The fenced yard at 13th Avenue and Massachusetts Street in Gary is full of marked and unmarked squad car awaiting repairs. (Post-Tribune staff)
The fenced yard at 13th Avenue and Massachusetts Street in Gary is full of marked and unmarked squad car awaiting repairs. (Post-Tribune staff)
The once good-natured grumbling about equipment problems vacillates between open hostility and frustrated resignation among some Gary police officers.

Jokes -- without smiles – circulate the department.

"Foot patrols are coming back in style!" and "The city's just waiting for enough officers to quit so everyone has a car."

Ford quit making the popular Crown Victoria in 2011, but a majority of the city's squad cars are much older than that. Three new Dodge Chargers bought last year are on the street, but 20 new Ford Explorers aren't.

Chief Larry McKinley announced the purchase of 20 new cars in the spring, but none of the black Explorers are in use. Eight sit in a lot north of the Public Safety Facility but don't have markings, lights or sirens.

City spokesperson LaLosa Burns said of the 20 new cars, 12 are being prepared for service. "We expect the 12 cars presently with the vendor will be on the road in early September," Burns wrote in an email, responding to questions posed by the Post-Tribune. She didn't say what plans the city has for the others, but said, "currently the police fleet is sufficient for the number of officers."

In the meantime, a homicide detective, who asked that his name not be used, dropped his car off at vehicle maintenance before he left for vacation. The car is still there, three weeks later and all it needs is an oil change and a tire repair, the detective said.

"There are no basic repairs," Burns wrote. "When cars are brought in to vehicle maintenance, it is then for preventive maintenance. The entire car is checked. This takes time. Vehicles are checked and certified safe before leaving the shop."

Bald tires, no air conditioning, no emergency lights are common complaints, officers say. When officers drive a prisoner from one destination to another, they are required to state their beginning and ending mileage. But that's not possible when the odometer is broken, officers say.

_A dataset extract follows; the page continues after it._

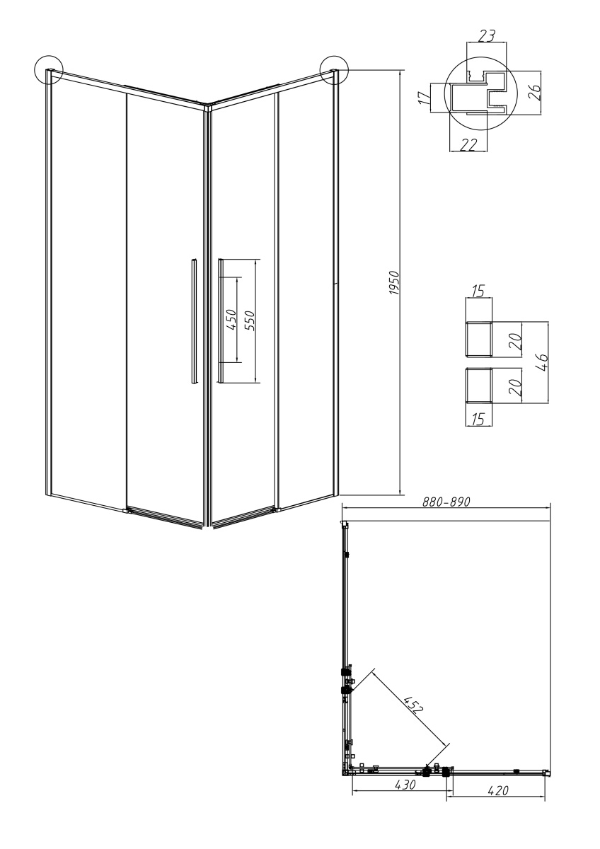 —Душевая дверь Grossman Galaxy 1/2.K33.01.90.32.00 90х195 стекло прозрачное профиль золото

Windows don't roll up or down. Doors don't open. Seats are worn through. Rust. Lots of rust.

"A lot of these cars are running 24 hours a day and the shortage is such that officers are doubling up in cars," Fraternal Order of Police Lodge 61 President Samuel Abegg said Thursday.

While a two-man car is preferable, Abegg said, it's less effective when that is the only car in that district for the shift. Despite a collective bargaining agreement provision that sets, for example, a minimum of 12 officers on the street for that turn, the steady flow of resignations has left the patrol division numbers too depleted to accomplish that, he said.

This week, for example, the city's four districts had only two cars for each area during the day shift, and the midnight shift is short regularly, according to daily schedules.

Abegg, assigned to a gang investigative unit, has a take-home car he describes as "one of our better vehicles." Fearing the loss of the car for an extended period while waiting for an oil change, Abegg had it done himself, he said. "I've been an advocate of handling minor repairs, such as wiper blades and oil changes, ourselves. But if vehicle maintenance (workers) get word, they freak out," he said.

"I have consistently sent Cmdr. (Sarita) Titus emails about cars down for weeks at a time. Money is a problem. I understand that. But there is no doubt that if you have to have the right equipment to do the job and the car issue is a problem," Abegg said.